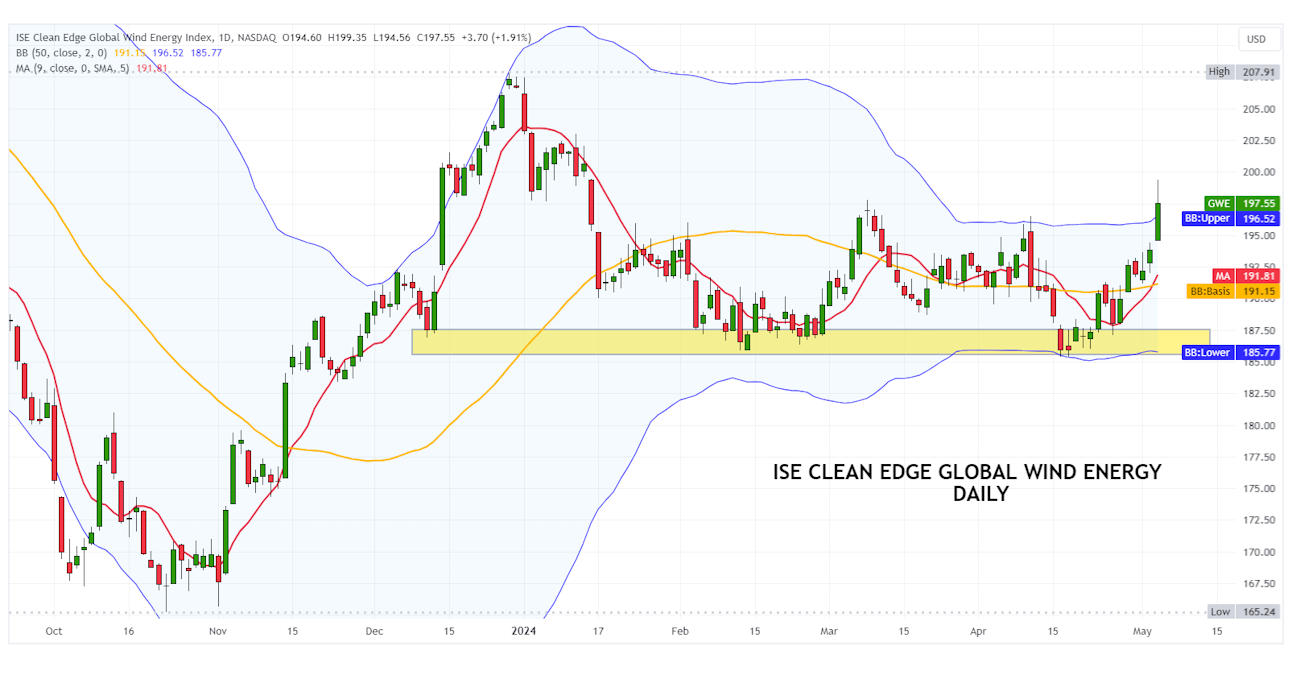 El índice ISE Clean Edge Global Wind Enegy ha construido en los últimos meses una interesante base de acumulación por encima del soporte gráfico situado en 185,50 puntos.
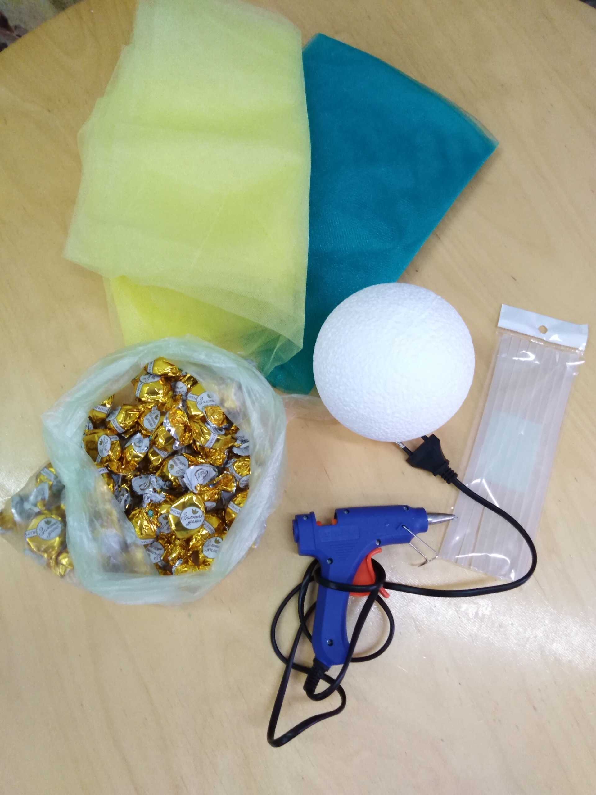 Когда конфеты подготовлены, можно приступать к оклеиванию ими шара.
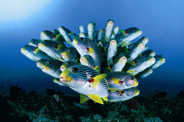 Die Diagonal-Süßlippen vor Papua-Neuguinea bilden im Schwarm immer neue Formationen.
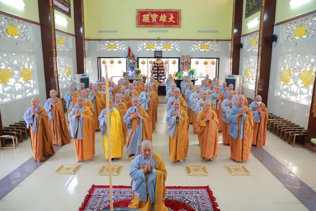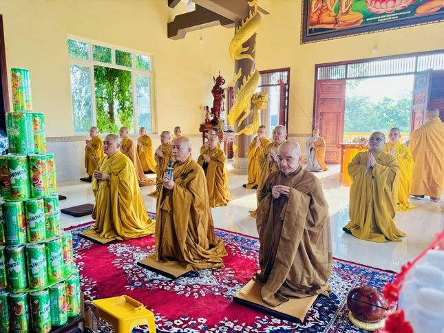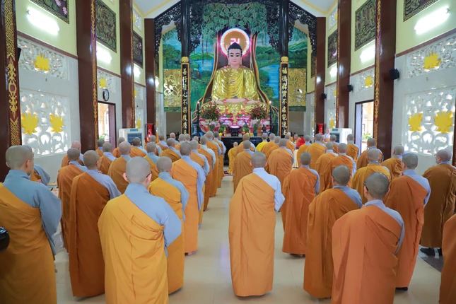 Theo đó, sáng nay, 25-3 (16-2-Giáp Thìn), chư tôn đức Tăng đã vân tập tại chùa Pháp Chơn (xã Hưng Long, H.Bình Chánh) và chư Ni vân tập về chùa Phước Thiện (xã Bình Chánh, H.Bình Chánh) để cử hành nghi thức Bố-tát, tụng giới chung.

#### Instructions for the task:
What the answer needs is every line from the one containing "Когда конфеты подготовлены, можно" through the final line of the data above, copied exactly, without pictures.

#### Solution to this problem:
 Когда конфеты подготовлены, можно приступать к оклеиванию ими шара.
 Die Diagonal-Süßlippen vor Papua-Neuguinea bilden im Schwarm immer neue Formationen.
 Theo đó, sáng nay, 25-3 (16-2-Giáp Thìn), chư tôn đức Tăng đã vân tập tại chùa Pháp Chơn (xã Hưng Long, H.Bình Chánh) và chư Ni vân tập về chùa Phước Thiện (xã Bình Chánh, H.Bình Chánh) để cử hành nghi thức Bố-tát, tụng giới chung.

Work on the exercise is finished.